Interestingly, FDA seems to have significantly backed off on the hardline stances it had previously taken regarding the types of data it deems sufficient to support SIUU communications. By permitting, in certain circumstances, the use of “early-phase clinical data” and/or “preliminary scientific data,” and eliminating the “clinically relevant” requirement, FDA is being more permissive with the type of support manufacturers may use to back their communications with HCPs. Here, FDA is not holding manufacturers to produce clinical findings that live up to the standard needed to, for example, be granted approval to market a drug; rather, FDA has whittled its expectation down to the “scientifically sound” standard. Based on the changes between the Draft and final Guidance, manufacturers may consider expanding their SIUU communications policies to include statements supported by early-stage clinical trial data, even if the data is not “clinically relevant,” as long as it is “statistically sound.”
Furthermore, FDA has opened up to firms the option of having any personnel share these SIUU communications with HCPs, requiring only that those who share the information have specialized training. These expanded options comport with FDA’s overall more liberal tone to the final Guidance, but, firms should still take care to ensure that those sharing SIUU communications are properly trained in providing truthful, non-misleading information, and handling questions that might arise about the information. What this training looks like will largely be driven by internal discussions between legal, compliance, and business stakeholders.
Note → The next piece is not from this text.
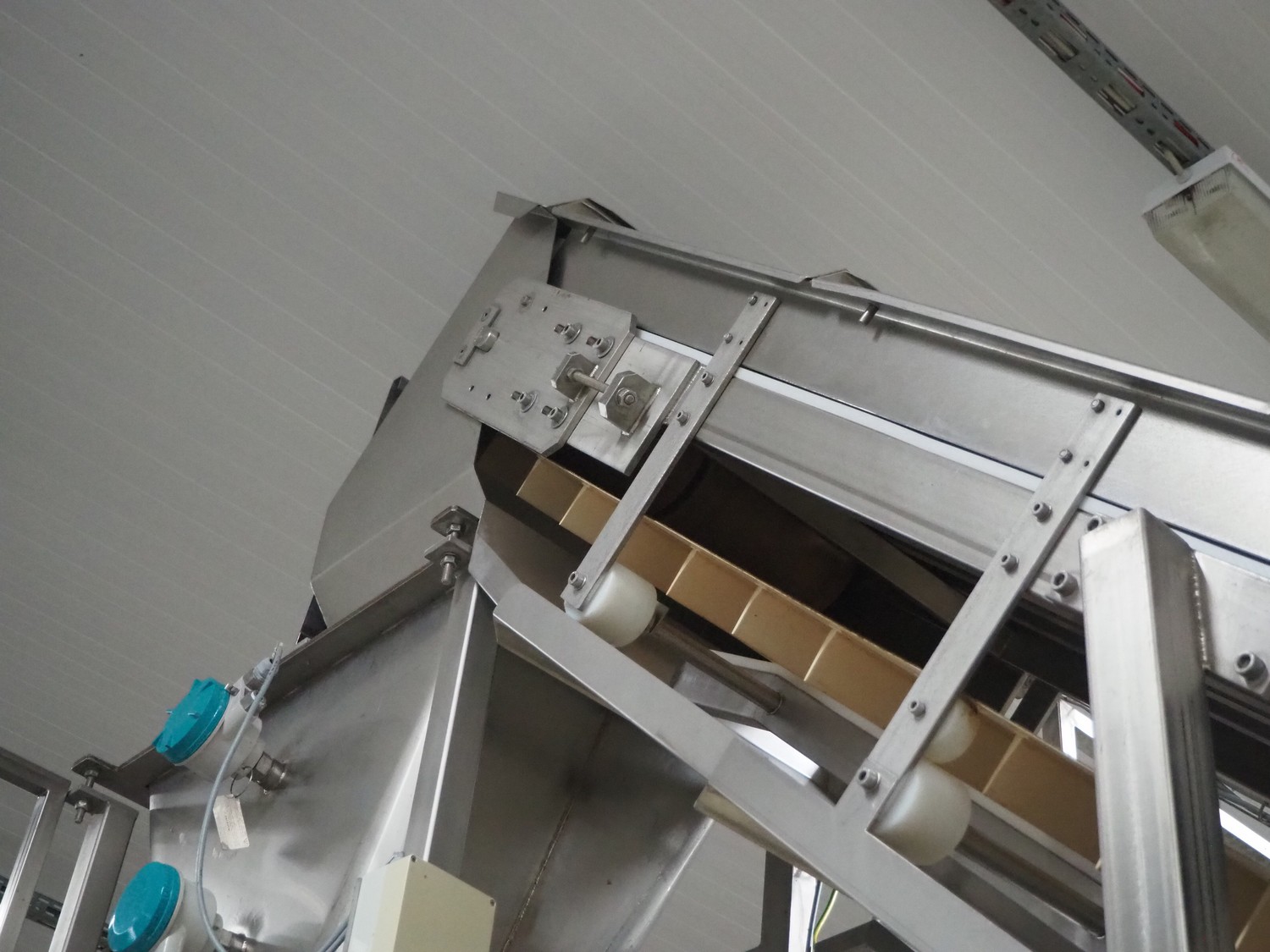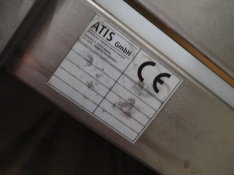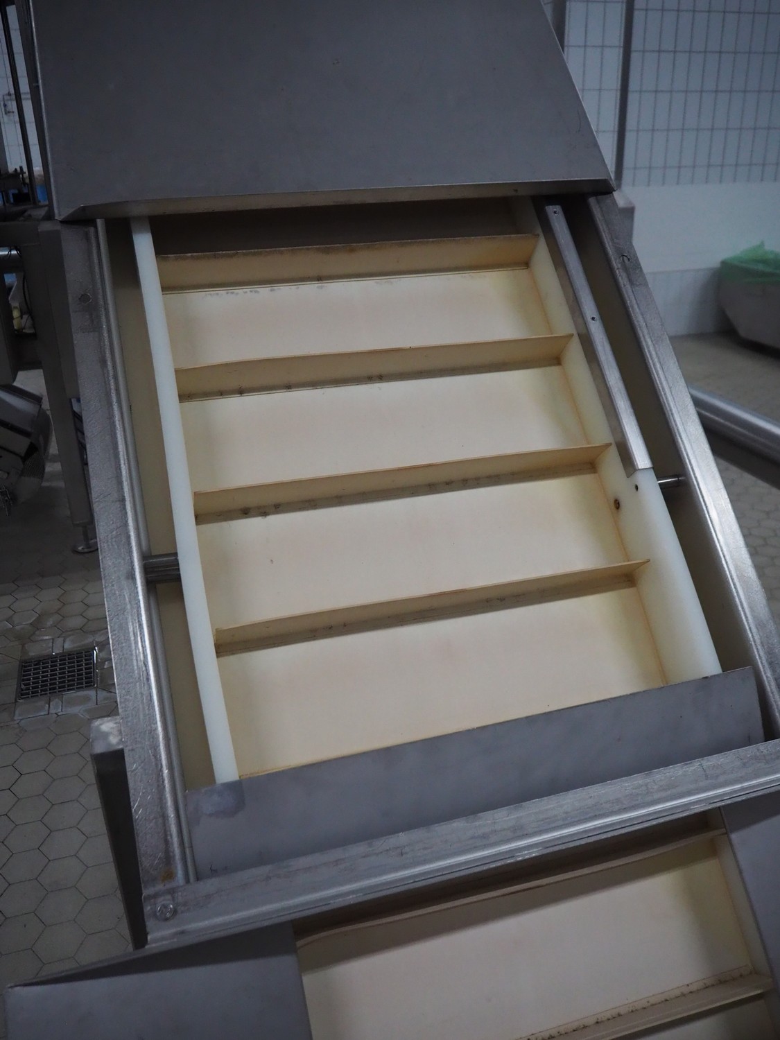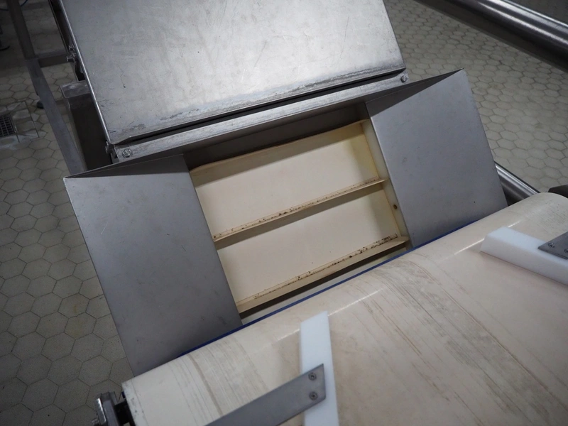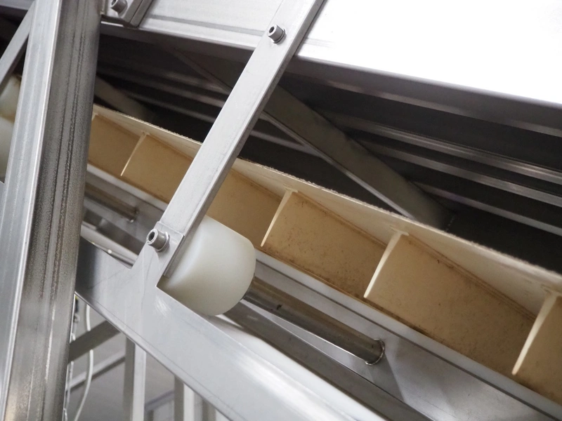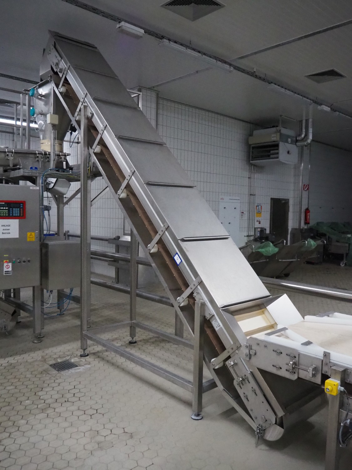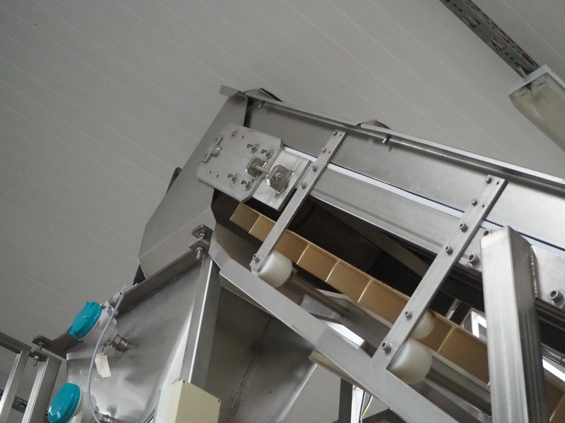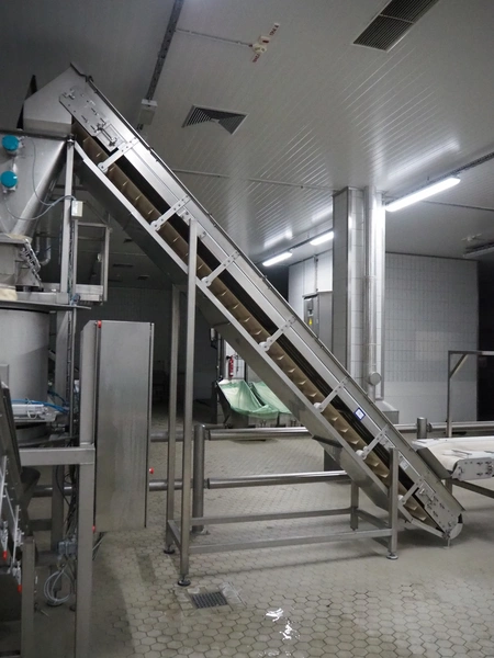ATIS GmbH elevating belt with dividers, divider height: 60 mm, distance between dividers: 155 mm, belt width: 495 mm, elevating height: 4200 mm, total dimensions: 3900 mm x 900 mm x 4200 mm.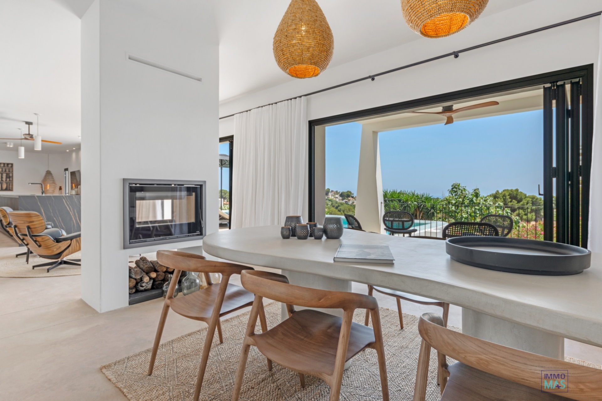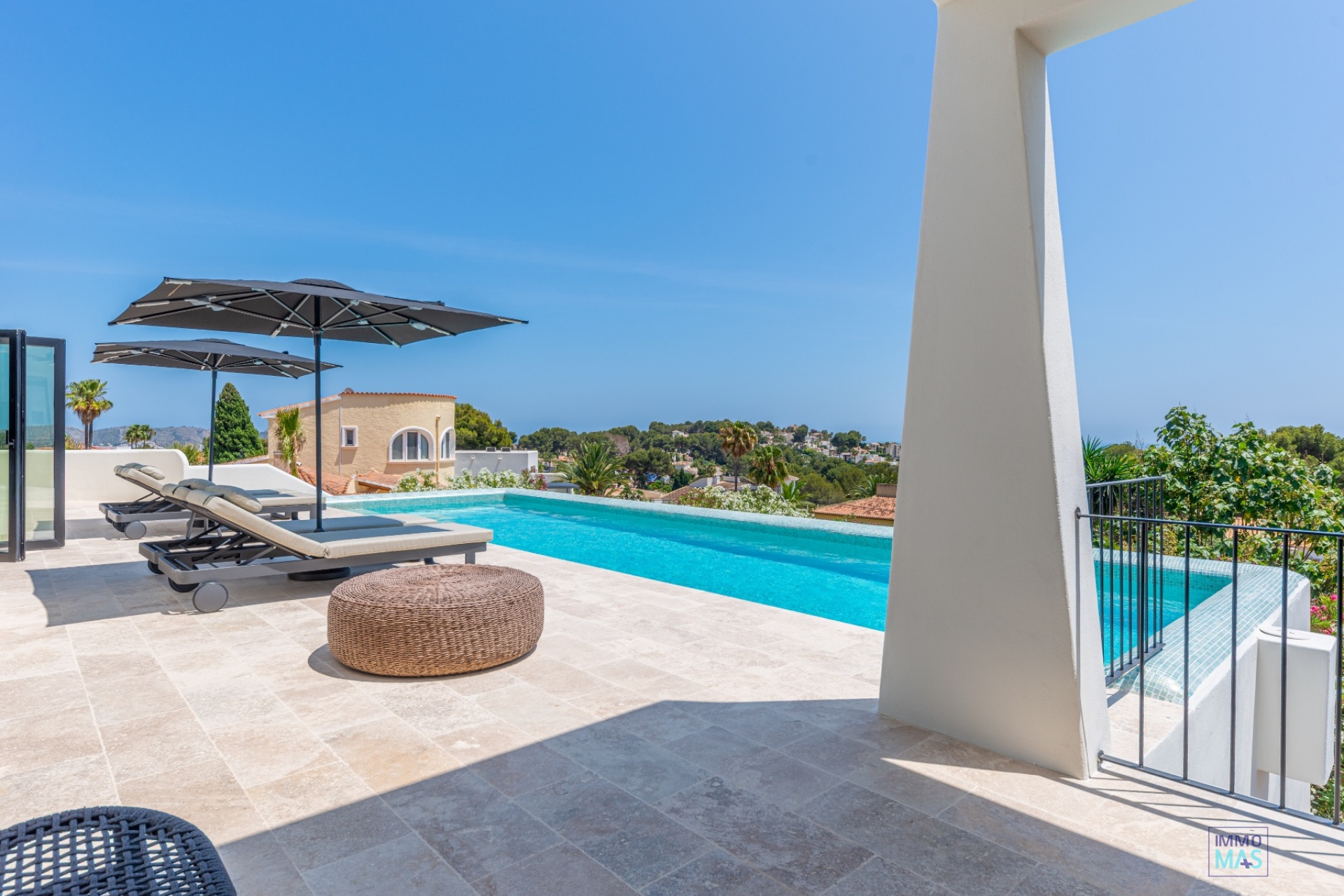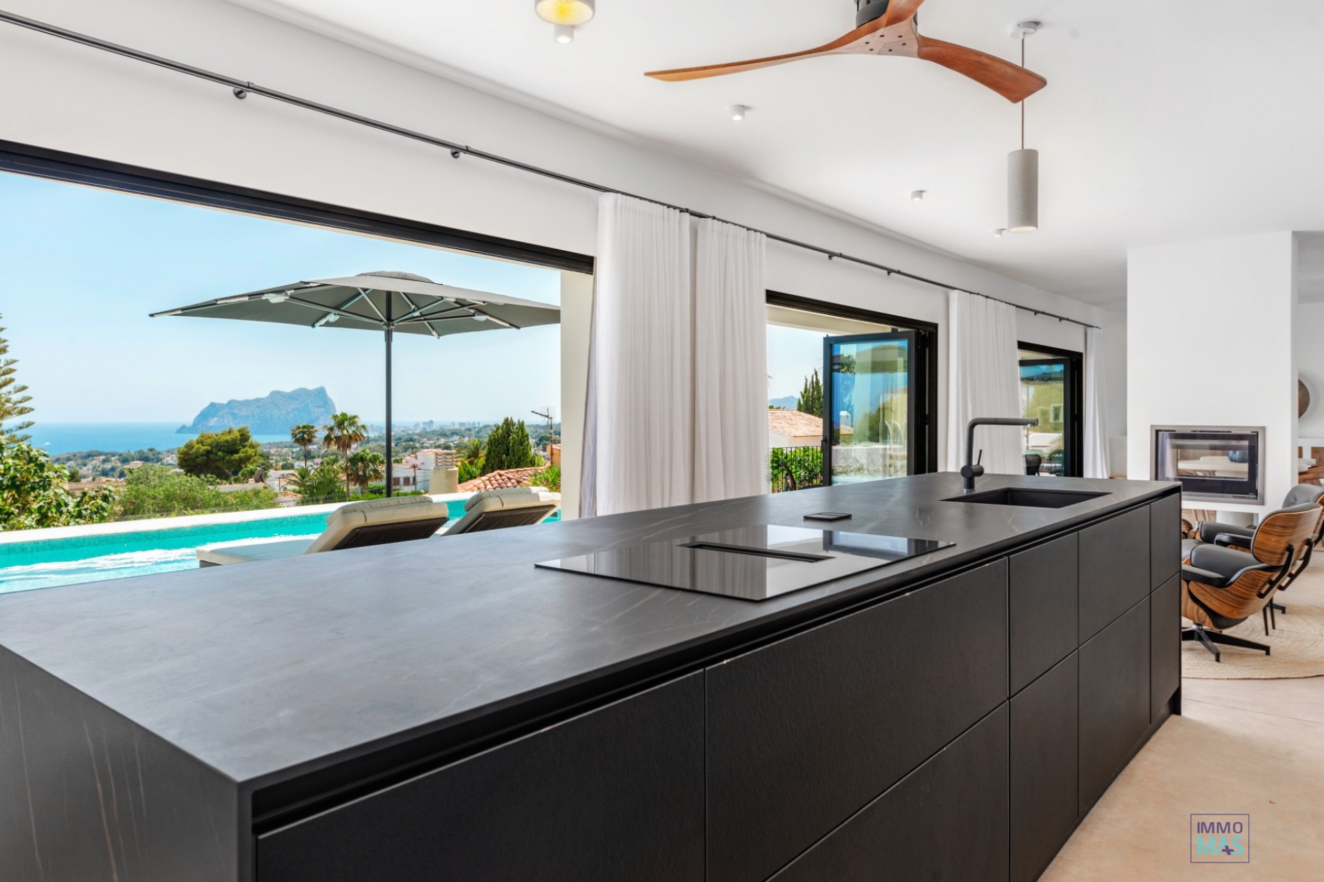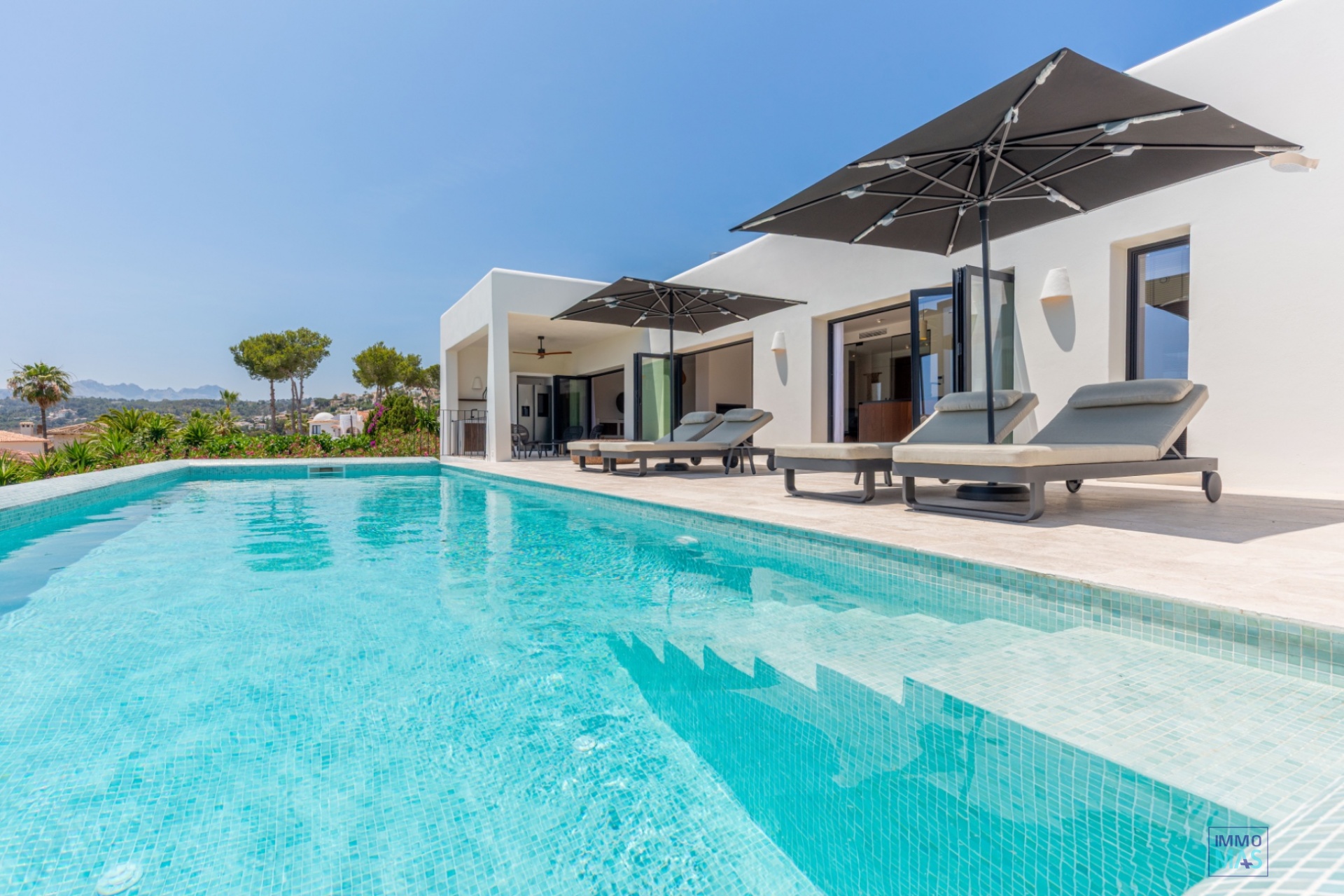 Les grandes baies vitrées coulissantes en aluminium Reynaers offrent une expérience parfaite entre intérieur et extérieur et s'ouvrent sur la terrasse orientée au sud avec piscine privée, chaises longues et vue imprenable sur la mer - un véritable paradis pour les bons vivants.

However, FDA hasn’t let the reins go completely. As reflected in the new Guidance, FDA continues to plainly restrict certain SIUU communications, such as the use of emotional appeal language, and – of course – SIUU communications must still be informative, truthful, and not misleading. Ultimately, manufacturers should continue to approach SIUU communications with caution, taking care to ensure that the source publications in SIUU communications are scientifically sound and avoiding the use of crafty, emotionally-driven marketing techniques.
FOOTNOTES
[1] Guidance, Communications From Firms to Health Care Providers Regarding Scientific Information on Unapproved Uses of Approved/Cleared Medical Products: Questions and Answers | FDA, FDA (Jan. 2025).
[2] Draft Guidance, Distributing Scientific and Medical Publications on Risk Information for Approved Prescription Drugs and Biological Products—Recommended Practices, FDA (June 2014).
[3] Guidance, Good Reprint Practices for the Distribution of Medical Journal Articles and Medical or Scientific Reference Publications on Unapproved New Uses of Approved Drugs and Approved or Cleared Medical Devices, FDA (Jan. 2009).
[4] See Draft Guidance, supra FN 2, at FN 27.
[5] Key Takeaways From FDA’s Latest Social Media Warnings, Law360 (Dec. 2024).
[6] See Guidance, supra FN 1, at FN 48.